● **To do**
Using the data below, print exactly the line with "4、輸入手機(jī)號、密碼,輸入驗證碼后點擊下一步,完成賬號注冊。", the line with "Tim HK melakukan", and every line between them, but none of the pictures.

● **Given data**
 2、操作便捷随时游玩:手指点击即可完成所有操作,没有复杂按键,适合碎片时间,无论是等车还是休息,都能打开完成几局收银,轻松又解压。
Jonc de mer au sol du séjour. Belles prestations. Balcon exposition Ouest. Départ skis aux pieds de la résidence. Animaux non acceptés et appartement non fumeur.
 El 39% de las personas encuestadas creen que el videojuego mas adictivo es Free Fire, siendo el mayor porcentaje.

==

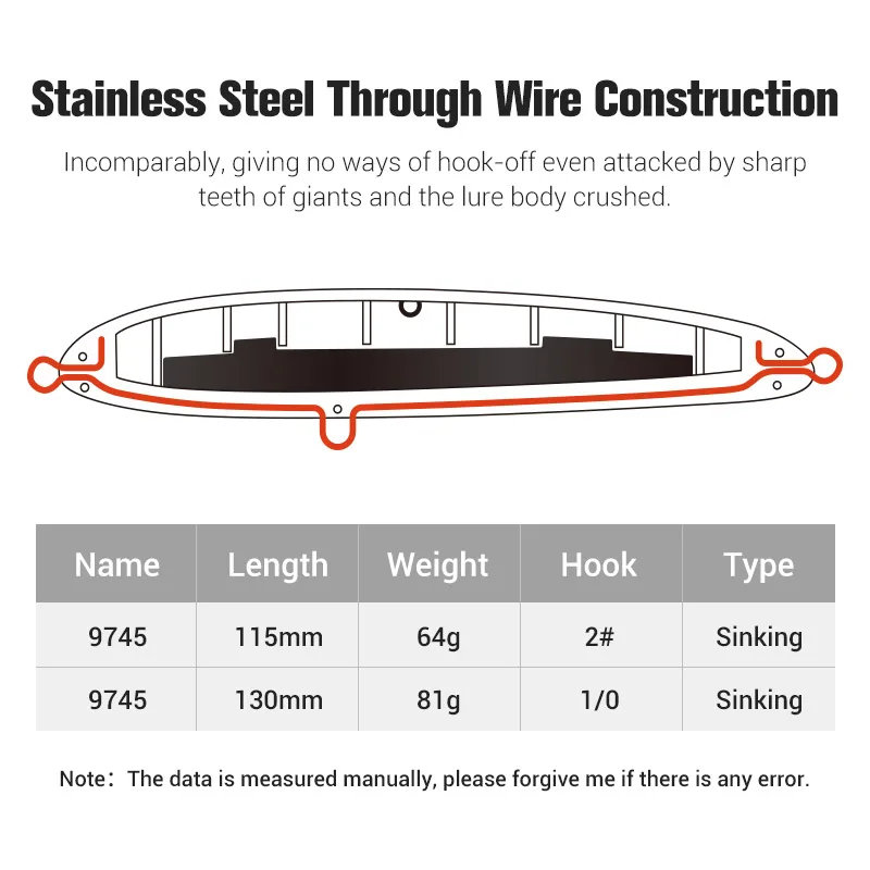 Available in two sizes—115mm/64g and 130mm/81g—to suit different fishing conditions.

==

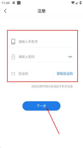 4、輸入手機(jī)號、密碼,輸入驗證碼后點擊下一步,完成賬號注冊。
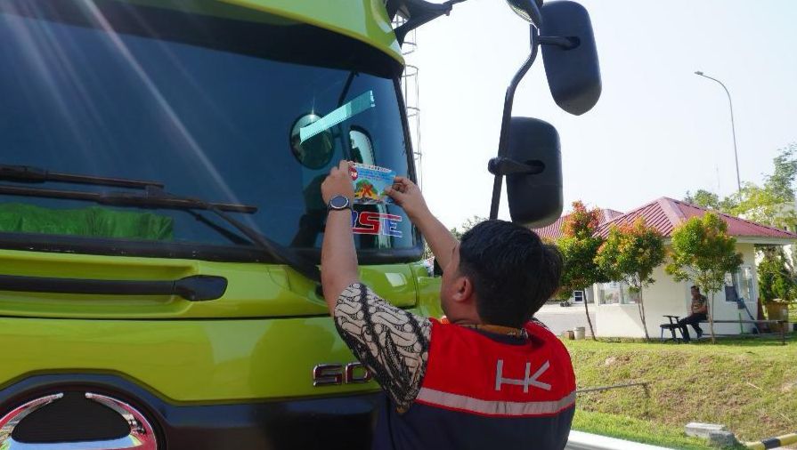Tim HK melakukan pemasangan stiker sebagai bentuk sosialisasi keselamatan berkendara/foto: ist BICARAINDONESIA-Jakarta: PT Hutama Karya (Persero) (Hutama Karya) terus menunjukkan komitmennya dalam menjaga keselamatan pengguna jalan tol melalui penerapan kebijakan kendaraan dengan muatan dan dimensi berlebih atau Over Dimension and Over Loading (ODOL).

● **Result of this task**
 4、輸入手機(jī)號、密碼,輸入驗證碼后點擊下一步,完成賬號注冊。
Tim HK melakukan pemasangan stiker sebagai bentuk sosialisasi keselamatan berkendara/foto: ist BICARAINDONESIA-Jakarta: PT Hutama Karya (Persero) (Hutama Karya) terus menunjukkan komitmennya dalam menjaga keselamatan pengguna jalan tol melalui penerapan kebijakan kendaraan dengan muatan dan dimensi berlebih atau Over Dimension and Over Loading (ODOL).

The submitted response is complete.